Restate verbatim the span of lines below between the line with "FINANCES - hammered" and the line with "Архитектура шины USB", including those two lines, and only that span.

▶ [Source information]:

********************

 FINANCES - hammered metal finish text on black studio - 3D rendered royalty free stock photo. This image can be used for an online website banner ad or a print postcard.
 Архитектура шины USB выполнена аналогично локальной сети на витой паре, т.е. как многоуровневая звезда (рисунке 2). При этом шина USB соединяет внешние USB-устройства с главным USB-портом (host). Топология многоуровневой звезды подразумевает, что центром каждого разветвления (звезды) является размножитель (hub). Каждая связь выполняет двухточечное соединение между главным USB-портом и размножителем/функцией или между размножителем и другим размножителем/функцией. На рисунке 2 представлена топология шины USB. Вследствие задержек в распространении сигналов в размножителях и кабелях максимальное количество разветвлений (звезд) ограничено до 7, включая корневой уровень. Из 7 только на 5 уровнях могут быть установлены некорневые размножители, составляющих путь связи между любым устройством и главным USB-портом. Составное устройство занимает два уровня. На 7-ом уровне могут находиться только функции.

********************

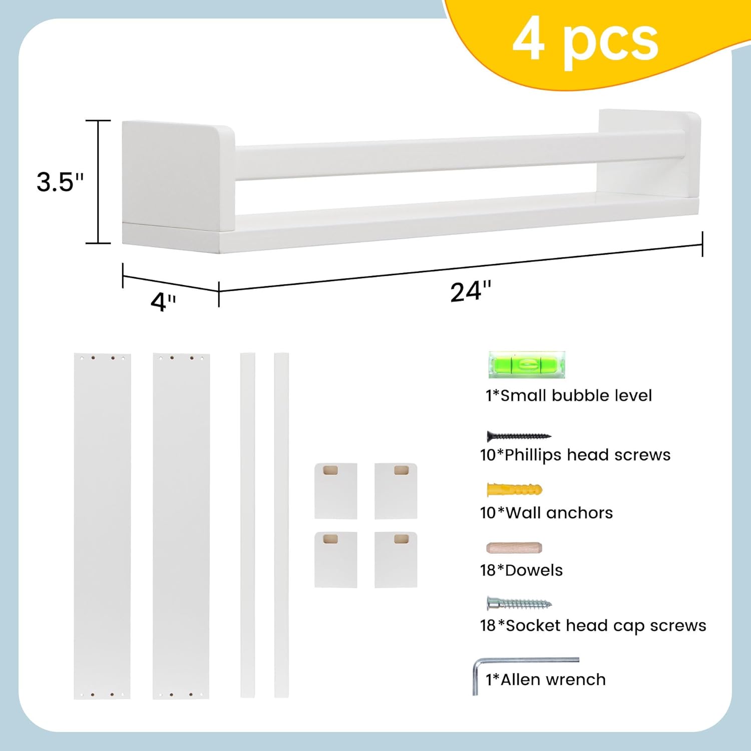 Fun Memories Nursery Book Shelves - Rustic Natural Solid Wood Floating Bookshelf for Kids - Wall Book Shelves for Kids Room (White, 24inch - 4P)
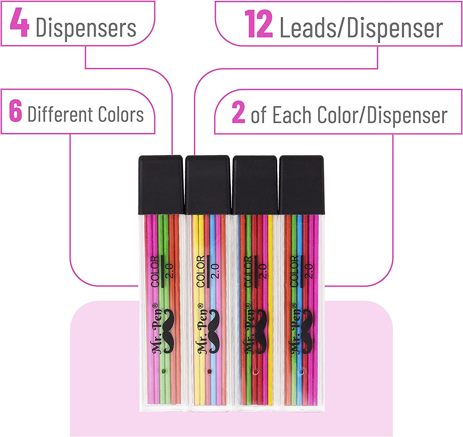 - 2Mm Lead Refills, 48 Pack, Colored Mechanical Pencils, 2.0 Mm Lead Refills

********************

▶ [Your solution]:
 FINANCES - hammered metal finish text on black studio - 3D rendered royalty free stock photo. This image can be used for an online website banner ad or a print postcard.
 Архитектура шины USB выполнена аналогично локальной сети на витой паре, т.е. как многоуровневая звезда (рисунке 2). При этом шина USB соединяет внешние USB-устройства с главным USB-портом (host). Топология многоуровневой звезды подразумевает, что центром каждого разветвления (звезды) является размножитель (hub). Каждая связь выполняет двухточечное соединение между главным USB-портом и размножителем/функцией или между размножителем и другим размножителем/функцией. На рисунке 2 представлена топология шины USB. Вследствие задержек в распространении сигналов в размножителях и кабелях максимальное количество разветвлений (звезд) ограничено до 7, включая корневой уровень. Из 7 только на 5 уровнях могут быть установлены некорневые размножители, составляющих путь связи между любым устройством и главным USB-портом. Составное устройство занимает два уровня. На 7-ом уровне могут находиться только функции.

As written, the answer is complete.